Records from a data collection
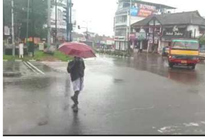
વરસાદ થયો છે. કેરળમાં ભારે વરસાદ સાથે ભારતીય હવામાન વિભાગને રાજ્યનાં ૯ જિલ્લાઓને યલો એલર્ટ જાહેર કરી દીધેલ છે. હવામાન વિભાગે કરેલનાં તિરૂવનંતપુરમ, કોલ્લમ, પકાનમથિટ્ટા, અલાપુઝ્ઝા, કોટ્ટાયામ, એનકુલમ, ઈડુક્કી, મલપ્પુરમ અને કન્નૂર જિલ્લાઓમાં યલો એલર્ટ જાહેર કરી દીધેલ છે.
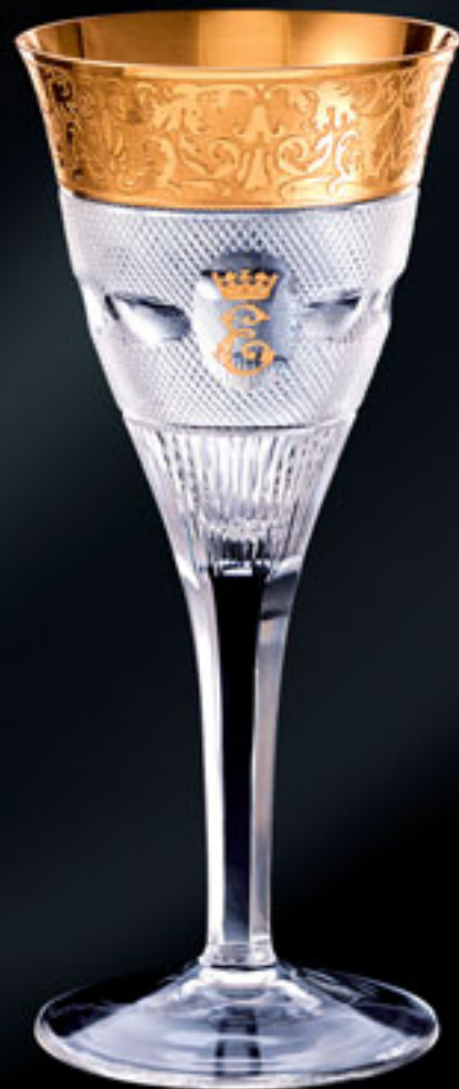
Anglická královna Alžběta II. ENGLISH QUEEN ELISABETH II
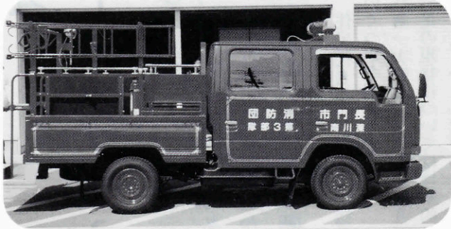
▲小型動力ポンプ積載車（渋木地区）
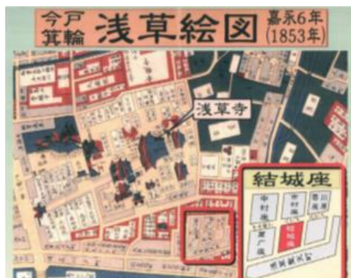
浅草移転後の結城座の所在を示す地図

「伝統と革新、古典と新作の両輪」を活動指針に掲げ、近年では、特に海外公演や、現代演劇とのコラボレーションによる国際共同制作にも積極的に取り組んでおり、江戸系あやつり人形の技芸、表現力を追求し、その成果の普及に努めている。新作においては、役者と人形の共演、人形遣いが人形を遣う一方、生身で役者を演じたり、劇中に古典の手法や写し絵等を挿入するなど、独特の舞台空間を創造し続けている。アヴィニヨン演劇祭・ザグレブ・スポレート等、数々の世界有数の国際演劇祭に招聘された実績をもつ。また、2004年より人形遣い育成事業を様々なかたちで展開。2020年からプロ志向の表現者に向けた「人形と俳優のクロスオーバー」を開始。
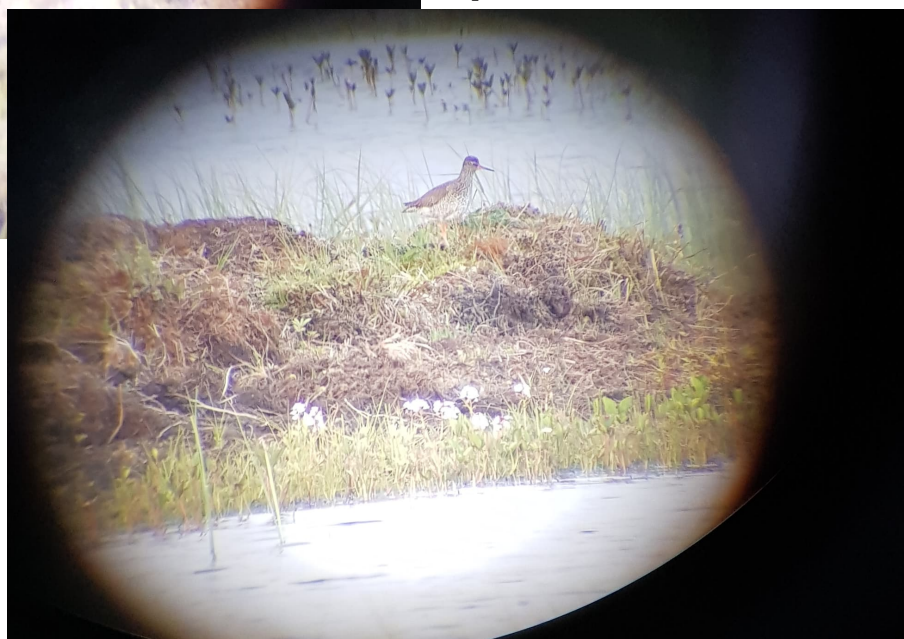
Rødstilken brukte holmene
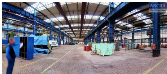
2.900 m 2 , nájem 60,-Kč/m 2 /měsíc Praha 4
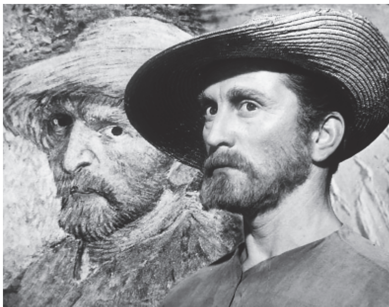
Van Gogh szerepében

1950-ben A bajnok című film ökölvívójáért jelölték először Oscar-díjra, majd az évtized során még kétszer: 1953-ban A szörnyeteg és a szépség, 1957-ben A nap szerelmese című filmért. Az igazi hírnevet ez utóbbi hozta meg számára, a festő Vincent van Gogh megszemélyesítéséért elnyerte a Golden Globe-díjat. Ezután olyan kasszasikerek következtek, mint a Stanley Kubrick által rendezett Spartacus (1959), a Telemark hősei (1978) és a Végso visszszámolás (1980).
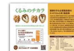
くるみのオメガ3脂肪酸リーフレット W105×H147(mm) 両面

- **EXERCISE**: Of the lines above, quote exactly those from the one with "2.900 m 2 , nájem 60,-Kč/m 2 /měsíc Praha 4" through the one with "Van Gogh szerepében", ends included; pictures stay out.

- **WRITTEN RESPONSE**:
2.900 m 2 , nájem 60,-Kč/m 2 /měsíc Praha 4
Van Gogh szerepében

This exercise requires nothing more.